D. - E’ importante che se ne parli...
R.
- Sì, un’amarezza che mi sembra di sentire a volte anche in loro è quella per cui
dovremmo forse chiedere che tutti i cristiani, tutti i parroci, tutti i vescovi, ricordino
questa situazione, perchè il silenzio non serve. Non ci interessa sapere - diceva
il vescovo Casmussa - chi e perché è stato rapito: ci interessa la sua liberazione.
Non lasciamo solo l’Iraq e il vescovo rapito, ma vorrei dire anche: non lasciamo neanche
solo il Papa.
D. - Benedetto XVI ha esteso la sua
preoccupazione anche a tutti coloro che subiscono violenze in Iraq. Voi siete appena
rientrati da una missione. Qual è la situazione nel Paese del Golfo?
R.
- E’ una situazione particolare e diversificata. Forse, per il fatto di essere minoranza,
forse perché i cristiani credono nel perdono, nella riconciliazione, nella non violenza
- perché il cristianesimo è davvero qualcosa di grande e di profetico nella figura
di Gesù - si stanno vivendo situazioni faticose. Penso anche ai Paesi limitrofi al
Golfo, chiamati ad accogliere i cristiani: il Libano, la Siria, la Giordania, la Turchia.
Credo ci aiuti a vivere la Quaresima il fatto di sapere che tante persone la stiano
vivendo sul serio. Dobbiamo essere grati al Papa che ci aiuta ad uscire dal nostro
"orticello" e a guardare davvero al cammino faticoso percorso da tanti cristiani nel
mondo e oggi, in particolare, proprio nella zona mediorientale.
D.
- Perché si colpisce proprio la comunità cristiana in Iraq?
R.
- Qualcuno dice che, in quanto cristiani, si diventa vittime di un fondamentalismo
islamico presente anche se non così diffuso. L’altro motivo è perché la comunità cristiana
è una minoranza. Quando sono in atto scontri di potere, di spartizione, si va verso
un Iraq diviso in tre Stati.

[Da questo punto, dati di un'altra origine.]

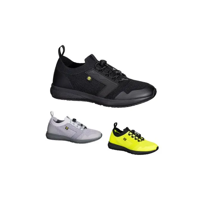Scarpa professionale tipo sneaker leggera e confortevole, realizzata con tomaia in maglia Flyknit progettata per garantire traspirabilità, prestazioni elevate e protezione ESD. Dotata di plantare imbottito che riduce l’affaticamento del piede, sistema di chiusura con cordino regolabile per una calzata sicura e linguette frontale e posteriore per una facile vestibilità. La suola EVA/Gomma a doppia densità assicura stabilità, proprietà antistatiche e resistenza allo scivolamento. Lavabile in lavatrice a 30 °C e certificata CE, è ideale per ambienti professionali dinamici.

I cristiani non hanno un esercito, non combattono nell’economia,
non cercano il potere e quindi, insieme ad una forma di persecuzione religiosa, c’è
una persecuzione in quanto minoranza, che rischia però di segnare il futuro del Paese.
Credo che dall’esito di questo rapimento possa davvero dipendere la vita delle comunità
cristiane in tutto l’Iraq.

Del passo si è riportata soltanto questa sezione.